Tending to what remains
There were no family members looking on as a minister read the committal service in Merritt’s Pineridge Cemetery on Aug. 15.
That was the point.
For the second time in his career, Paul Wright was overseeing a burial for those left behind — in this case, 42 people whose cremated remains had never been picked up from the Merritt Funeral Chapel.
In many cases, the final laying to rest was 40 years in the making.
“Only two of them were from our time owning Merritt Funeral Chapel, since 1988,” Wright explains.
“All the rest of them were pre-1988, that we inherited.”
But, when Wright’s family sold the chapel earlier this year, its new owners didn’t want the decades-old remains passed on to them.
“They wanted a clean slate,” he says.
Under B.C. law, Wright didn’t have to stage a funeral — nor did the chapel need to hold onto the remains as long as it had.
If remains aren’t picked up after a year, the province’s Cremation, Internment and Funeral Service legislation allows a funeral home to throw them out after providing sufficient notice it intends to do so.
However, Wright said that option didn’t sit well with him.
“I didn’t think that was appropriate,” he says, noting the remains were originally supposed to go into a common grave in Kamloops’ Hillside Cemetery.
That vault already holds the remains of 300 people whose ashes were left at Schoening Funeral Service in Kamloops between 1961, when the Wright family took it over, and 1995.
But, before the burial could take place, Wright got a call from a Merritt city councillor, asking that the remains stay local.
“I found it a bit ironic that they went unclaimed for 30, 40 years and then, when it did come time to bury them, that they wanted them buried in Merritt,” he says.
The city agreed to donate a grave and allow the mass burial and the ceremony proceeded.

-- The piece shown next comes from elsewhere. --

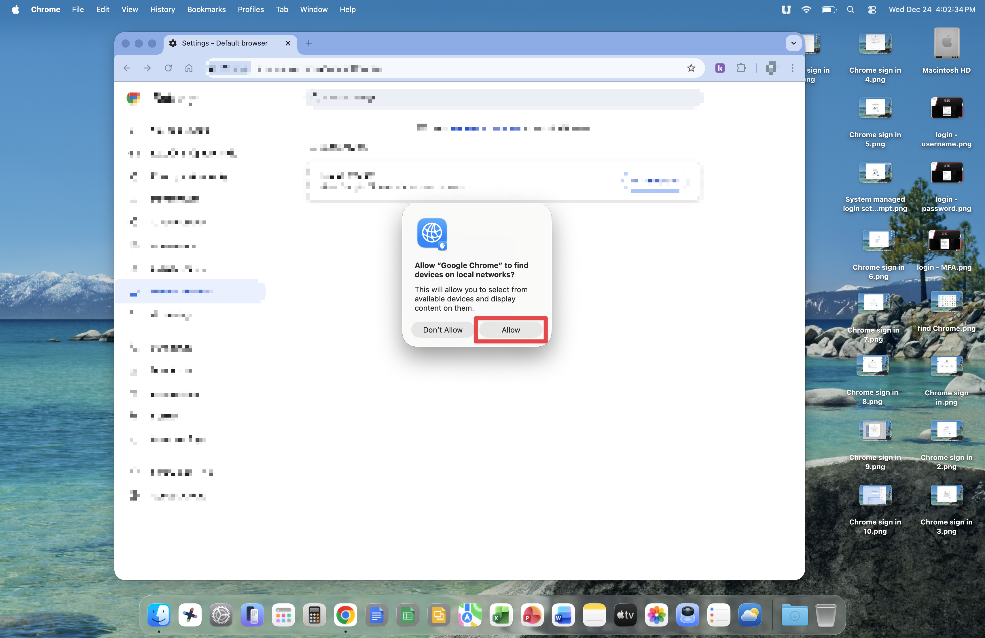 Around this point, you may encounter a message asking if Google Chrome can find devices on local networks. Click the Allow button and continue.
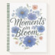 Elegant blue and pink flowers arranged around stylised cursive text reading “Moments in Bloom” with soft watercolor detailing and a transparent black background

Wright paid for the opening and closing of the grave and for an impermeable liner, which will keep the remains from becoming damaged.
“We wanted to do it respectfully and I think we achieved that,” he says.
A similar burial is planned for October in Kamloops, involving the remains of eight or 10 people.
As in Merritt, Wright says the new owners of Schoening don’t want to take on the old remains.
Wright says there are a number of reasons a person’s ashes may go unclaimed.
Family members may live out of town and arrange a cremation via email for a relative who was living in a care home here.
“They’ll tell us, ‘Well, next time we’re in Kamloops we’ll pick them up’ and they never show up. There are those sorts of things,” Wright says.
In other cases, the remains may be those of an indigent person or of someone with no surviving relatives left to pick them up.
“It really is unfortunate,” Wright says.
“And, we thought about that while we were at the graveside [in Merritt]. Here are 42 people that really had nobody left.”
However, the Merritt burial plans did lead to a few long-awaited pickups.
The Merritt Funeral Chapel advertised twice in the Merritt Herald a list of the individuals slated for internment and was able to reunite the remains of 11 people with family members.
The remains of another man were left out after Royal Canadian Legion members contacted the chapel, suggesting he may be eligible for a veteran’s plot.
In Kamloops, reunions have continued since the 1995 burial.
On at least two occasions, Wright says, people have paid to have the grave opened and remains removed at “considerable expense.”
While he is not aware of any other B.C. funeral home that buries its unclaimed remains, Wright says that possibility of retrieval years down the line is one reason not to toss the ashes out.
“And,” he adds with a laugh, “that’s bad karma.”